I went undercover this time (The only time I'll be able to do this because Droike, a long-term HPANWO Forum member, is about to shop me to them ), and luckily nobody was there from the London ones who'd recognize me. I asked a question at the Q&A session. I firstly "congratulated" Simon for infiltrating psychic surgeries and Spiritualist Churches, but said: "Have you ever thought about infiltrating the Arthur Findlay College or Canol Hafarn y Coed, where these psychics train?" He replied: "I might well do, and I'll sue them if I'm not psychic by the end of the course." Sadly he missed the sarcasm and irony of my question. He was supposed to say "Why?" then I'd have said: "Because I want to know when they pull students to one side and say: 'Look, this is all a load of crap really, but this is what you have to do.'; and then lead them to the secret passageway from the meditation room to the secret classroom where they teach you cold reading!"

Tuesday, 7 September 2010

Piranhas are NOT Dangerous!


Well, not very.
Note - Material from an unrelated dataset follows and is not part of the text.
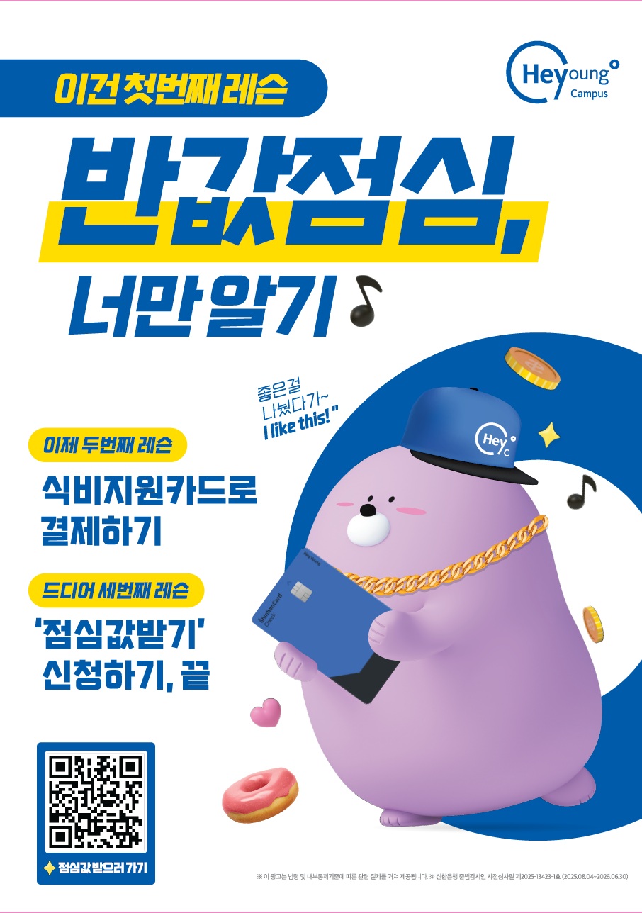 대학 생활에 필요한 모든 서비스를 하나로 통합한 플랫폼입니다. 앞으로 충청대학교의 수업 및 교내 서비스는 ‘헤이영 캠퍼스’ 앱을 통해 더 편리하게 이용할 수 있습니다. ① 반값점심 이벤트 교내·외 지정 가맹점에서 사용 금액의 50% 캐시백 (최대 3,000원) 매일 참여 가능합니다! ② 푸드트럭 무료 간식 이벤트 헤이영 앱을 보여주면 무료 간식 증정! - 일시: 2025년 10월 17일(금) 오전 10시~ - 장소: P동 교수연구동 입구 |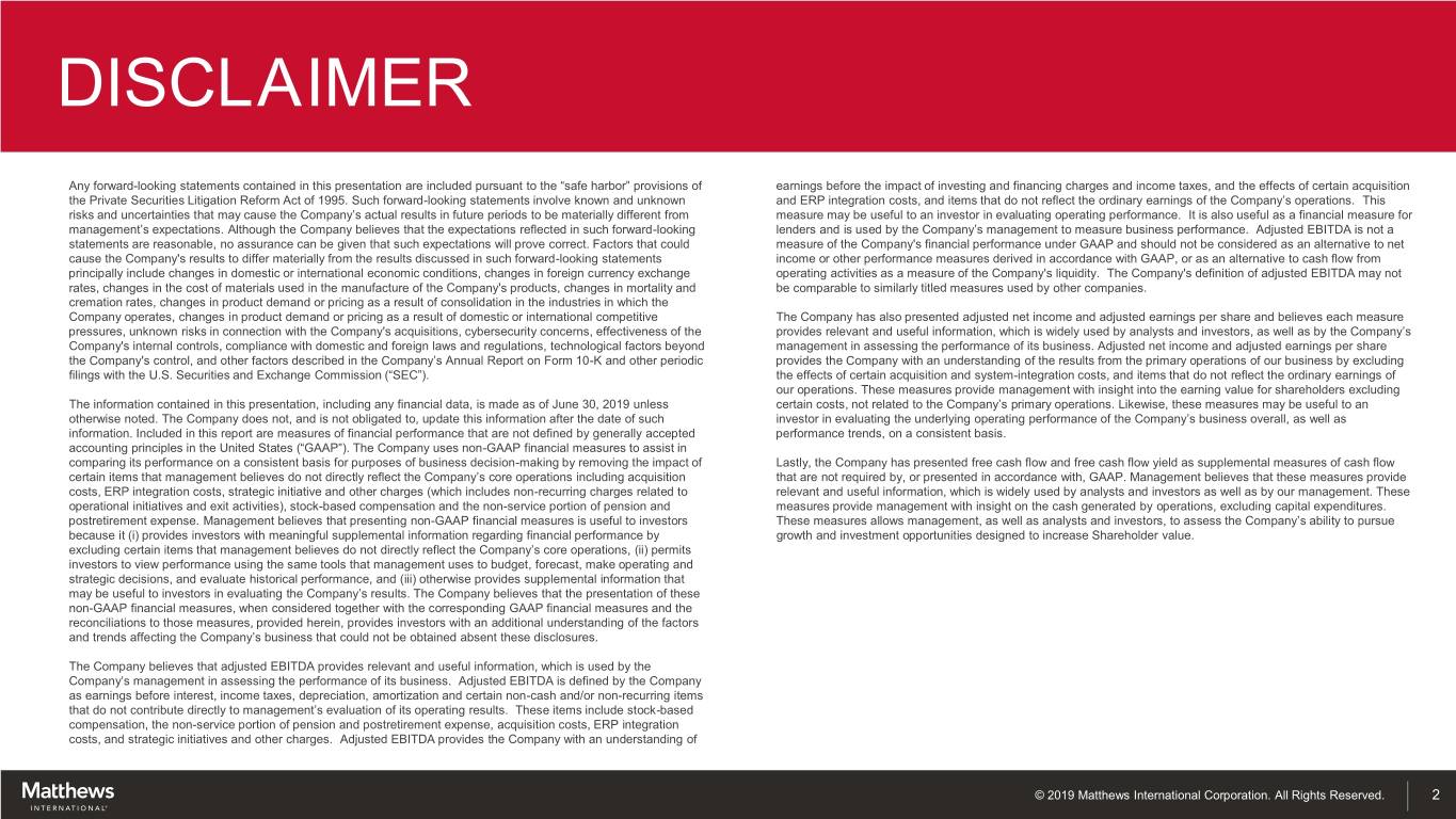 DISCLAIMER Any forward-looking statements contained in this presentation are included pursuant to the “safe harbor” provisions of earnings before the impact of investing and financing charges and income taxes, and the effects of certain acquisition the Private Securities Litigation Reform Act of 1995. Such forward-looking statements involve known and unknown and ERP integration costs, and items that do not reflect the ordinary earnings of the Company’s operations. This risks and uncertainties that may cause the Company’s actual results in future periods to be materially different from measure may be useful to an investor in evaluating operating performance. It is also useful as a financial measure for management’s expectations. Although the Company believes that the expectations reflected in such forward-looking lenders and is used by the Company’s management to measure business performance. Adjusted EBITDA is not a statements are reasonable, no assurance can be given that such expectations will prove correct. Factors that could measure of the Company's financial performance under GAAP and should not be considered as an alternative to net cause the Company's results to differ materially from the results discussed in such forward-looking statements income or other performance measures derived in accordance with GAAP, or as an alternative to cash flow from principally include changes in domestic or international economic conditions, changes in foreign currency exchange operating activities as a measure of the Company's liquidity. The Company's definition of adjusted EBITDA may not rates, changes in the cost of materials used in the manufacture of the Company's products, changes in mortality and be comparable to similarly titled measures used by other companies. cremation rates, changes in product demand or pricing as a result of consolidation in the industries in which the Company operates, changes in product demand or pricing as a result of domestic or international competitive The Company has also presented adjusted net income and adjusted earnings per share and believes each measure pressures, unknown risks in connection with the Company's acquisitions, cybersecurity concerns, effectiveness of the provides relevant and useful information, which is widely used by analysts and investors, as well as by the Company’s Company's internal controls, compliance with domestic and foreign laws and regulations, technological factors beyond management in assessing the performance of its business. Adjusted net income and adjusted earnings per share the Company's control, and other factors described in the Company’s Annual Report on Form 10-K and other periodic provides the Company with an understanding of the results from the primary operations of our business by excluding filings with the U.S. Securities and Exchange Commission (“SEC”). the effects of certain acquisition and system-integration costs, and items that do not reflect the ordinary earnings of our operations. These measures provide management with insight into the earning value for shareholders excluding The information contained in this presentation, including any financial data, is made as of June 30, 2019 unless certain costs, not related to the Company’s primary operations. Likewise, these measures may be useful to an otherwise noted. The Company does not, and is not obligated to, update this information after the date of such investor in evaluating the underlying operating performance of the Company’s business overall, as well as information. Included in this report are measures of financial performance that are not defined by generally accepted performance trends, on a consistent basis. accounting principles in the United States (“GAAP”). The Company uses non-GAAP financial measures to assist in comparing its performance on a consistent basis for purposes of business decision-making by removing the impact of Lastly, the Company has presented free cash flow and free cash flow yield as supplemental measures of cash flow certain items that management believes do not directly reflect the Company’s core operations including acquisition that are not required by, or presented in accordance with, GAAP. Management believes that these measures provide costs, ERP integration costs, strategic initiative and other charges (which includes non-recurring charges related to relevant and useful information, which is widely used by analysts and investors as well as by our management. These operational initiatives and exit activities), stock-based compensation and the non-service portion of pension and measures provide management with insight on the cash generated by operations, excluding capital expenditures. postretirement expense. Management believes that presenting non-GAAP financial measures is useful to investors These measures allows management, as well as analysts and investors, to assess the Company’s ability to pursue because it (i) provides investors with meaningful supplemental information regarding financial performance by growth and investment opportunities designed to increase Shareholder value. excluding certain items that management believes do not directly reflect the Company’s core operations, (ii) permits investors to view performance using the same tools that management uses to budget, forecast, make operating and strategic decisions, and evaluate historical performance, and (iii) otherwise provides supplemental information that may be useful to investors in evaluating the Company’s results. The Company believes that the presentation of these non-GAAP financial measures, when considered together with the corresponding GAAP financial measures and the reconciliations to those measures, provided herein, provides investors with an additional understanding of the factors and trends affecting the Company’s business that could not be obtained absent these disclosures. The Company believes that adjuste

They have been known to attack humans and can give a swimmer a nasty bite, but the idea that they will come at you in droves and reduce you to a skeleton in ten minutes is a complete myth. There are thousands of other fish species that deserve a dangerous reputation more than the piranha

This film is currently in the cinemas: http://www.imdb.com/title/tt0464154/ . I've not seen it and have no intention to because it looks rubbish. It's actually the most recent in a whole series of remakes, varying in obscurity, of an original horror B-movie from 1978 by Joe Dante (Explorers, Universal Soldier etc).

The myth of Piranha's nature dates back to the 1940's when Theodore Roosevent mentions them in a speech. It was just a brief aside, an anecdote, however one of the people listening to the speech was an author called Willard Price. The idea of the Piranha being a horrific man-eater captured his imagination and he incorporated them into his 1949 book Amazon Adventure in which there's a scene where they attack an aligator and strip its entire body in minutes leaving only a pile of bones that the author compares to dinosaur fossils. Then more stories and TV shows followed on from Price's vision and in 1978 the first horror movie of the Piranha franchise was produced. The piranha myth had gone viral!

Piranhas are actually quite timid fish that school together only for protection and hunt in small groups. They rarely attack anything bigger than themselves and prefer carrion; in fact they're known as "aquatic vultures". I saw one in an aquarium once as a child and was awed by the sign on the side which said: "DO NOT PUT YOUR HAND IN THE WATER. I had this image that if I put my hand in only bones would come out! No, the truth is that it might just bite me; they have sharp teeth and powerful jaws, and this was the reason for the sign.

I wonder how many other concepts that everyone assumes is real are not. Ian R Crane talks about the "pseudo-myths"; notions that are generally thought of as true, yet not observed to be true. They are false, but are not labelled with the word "myth" and all it's negative connotations.